Chest Wall Compliance
Inflation and deflation of the lung occur with changes in the dimensions of the chest wall (see Chapter 8). The relationship between the lungs and the chest wall can be illustrated by plotting their relaxation pressure curves separately and combined (Figure 10-7). In the intact thorax, the lungs and chest wall recoil against each other. The point at which these opposing forces balance determines the resting volume of the lungs, or functional residual capacity. This is also the point at which alveolar pressure equals atmospheric pressure. The normal FRC is approximately 40% of the TLC. If the normal lung–chest wall relationship is disrupted, the lung tends to collapse to a volume less than the FRC, and the thorax expands to a volume larger than the FRC.

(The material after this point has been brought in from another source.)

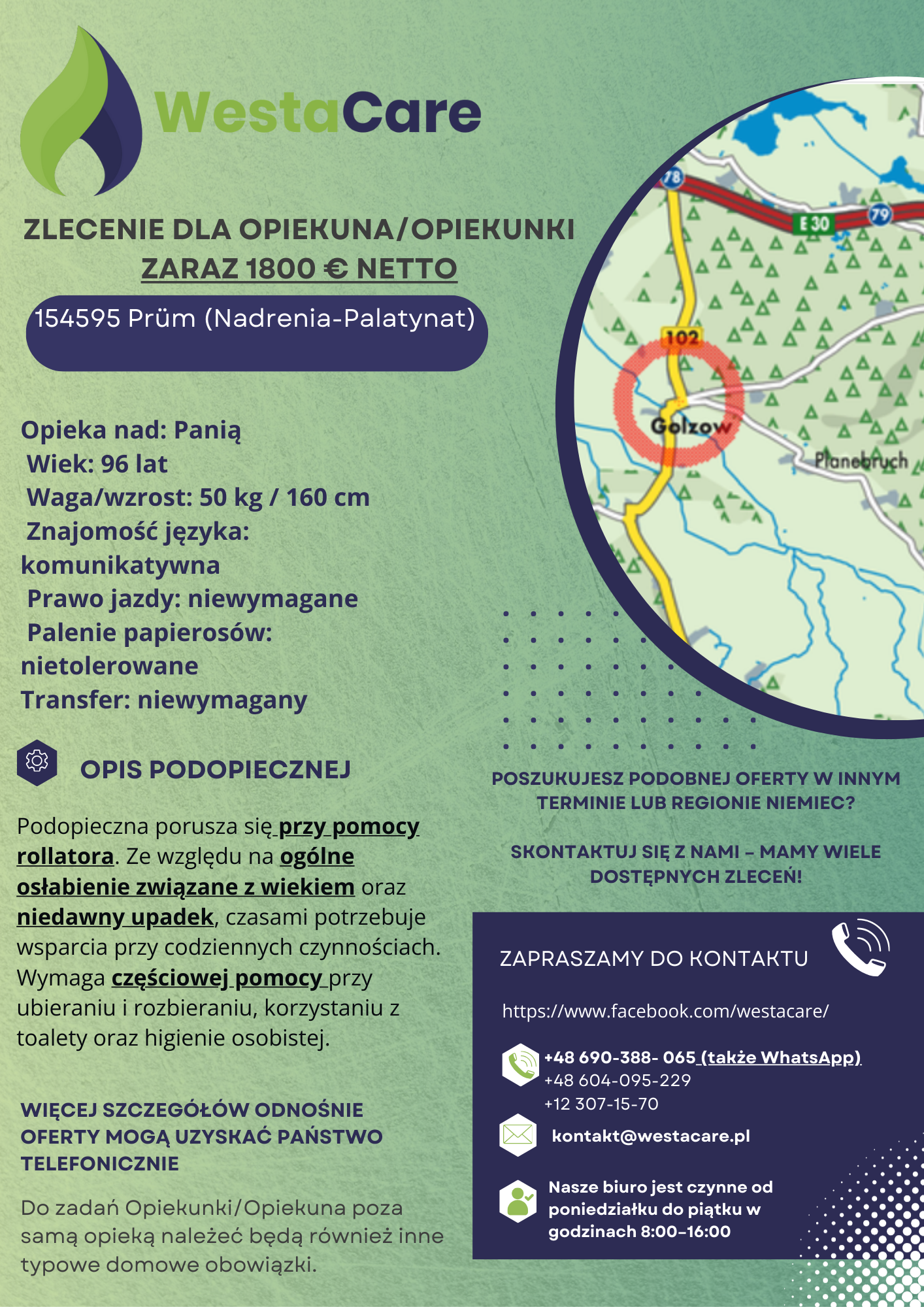 Zlecenie dla Opiekunki/Opiekuna od zaraz 1800 € netto

Inhalation occurs when the balance between the lungs and chest wall shifts. Energy from the respiratory muscles (primarily the diaphragm) overcomes the contractile force of the lungs. At the beginning of the breath, the tendency of the chest wall to expand facilitates lung expansion. When lung volume nears 70% of the vital capacity, the chest wall reaches its natural resting level. To inspire to a lung volume greater than about 70% of TLC, the inspiratory muscles must overcome the recoil of both the lungs and the chest wall (see Figure 10-7).

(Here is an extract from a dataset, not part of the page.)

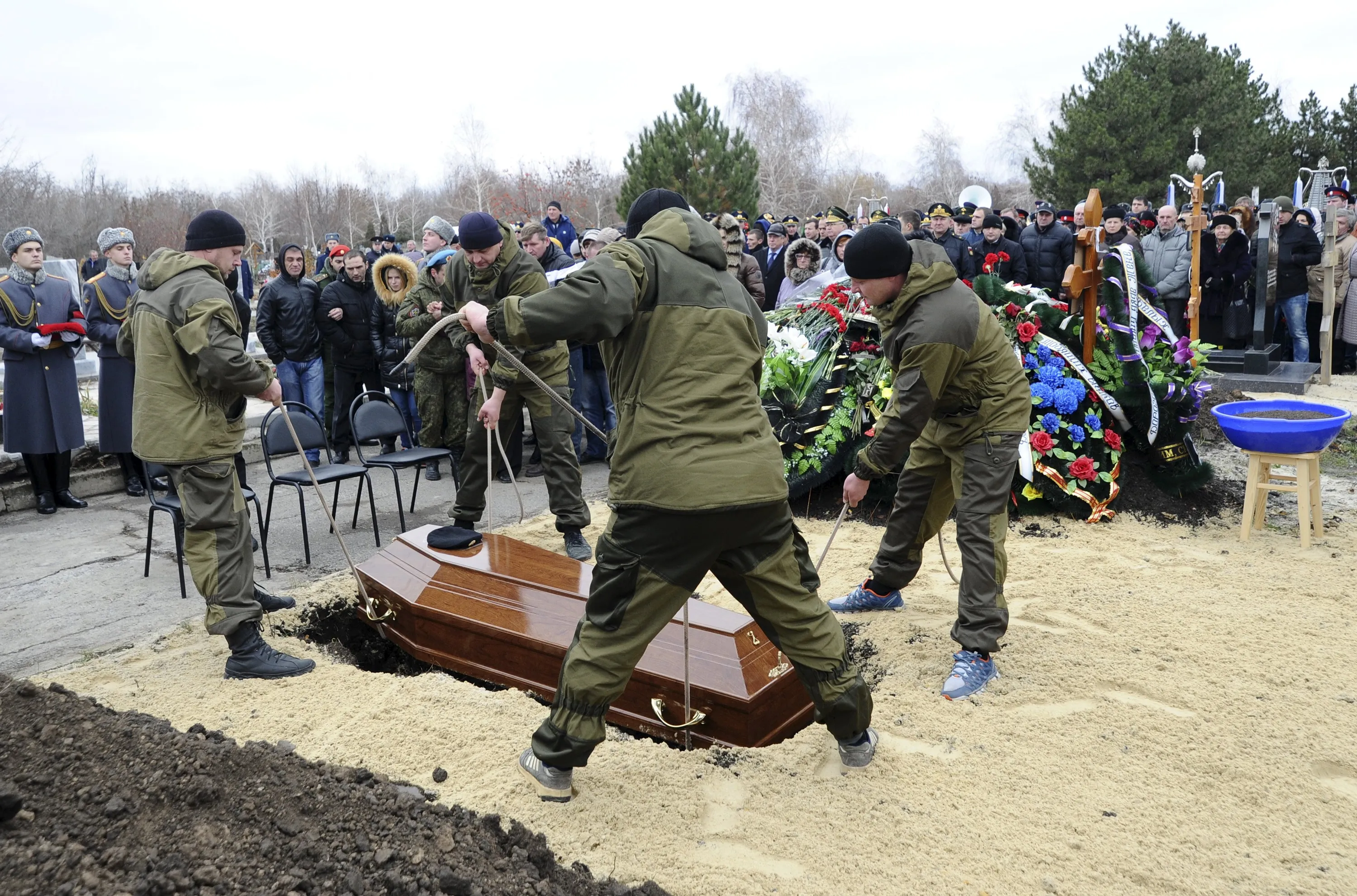 Men lower the coffin into the ground during the funeral of Alexander Pozynich, a Russian marine killed during an operation to recover the crew of the downed Su-24 jet, at a cemetery in Novocherkassk, Rostov region, Russia, November 27, 2015. (Photo by Sergey Pivovarov/Reuters)

For exhalation, potential energy “stored” in the stretched lung (and chest wall at high volumes) during the preceding inspiration causes passive deflation. To exhale below the resting level (FRC), muscular effort is required to overcome the tendency of the chest wall to expand. The expiratory muscles (see Chapter 8) provide this energy.
Airway Resistance
Raw in nonventilated patients is usually measured in a pulmonary function laboratory (see Chapter 19). Flow () is measured with a pneumotachometer. Alveolar pressures are determined in a body plethysmograph, an airtight box in which the patient sits. By momentarily occluding the patient’s airway and measuring the pressure at the mouth, alveolar pressure can be estimated (i.e., mouth pressure equals alveolar pressure under conditions of no flow). By relating flow and alveolar pressure to changes in plethysmograph pressure, airway resistance can be calculated.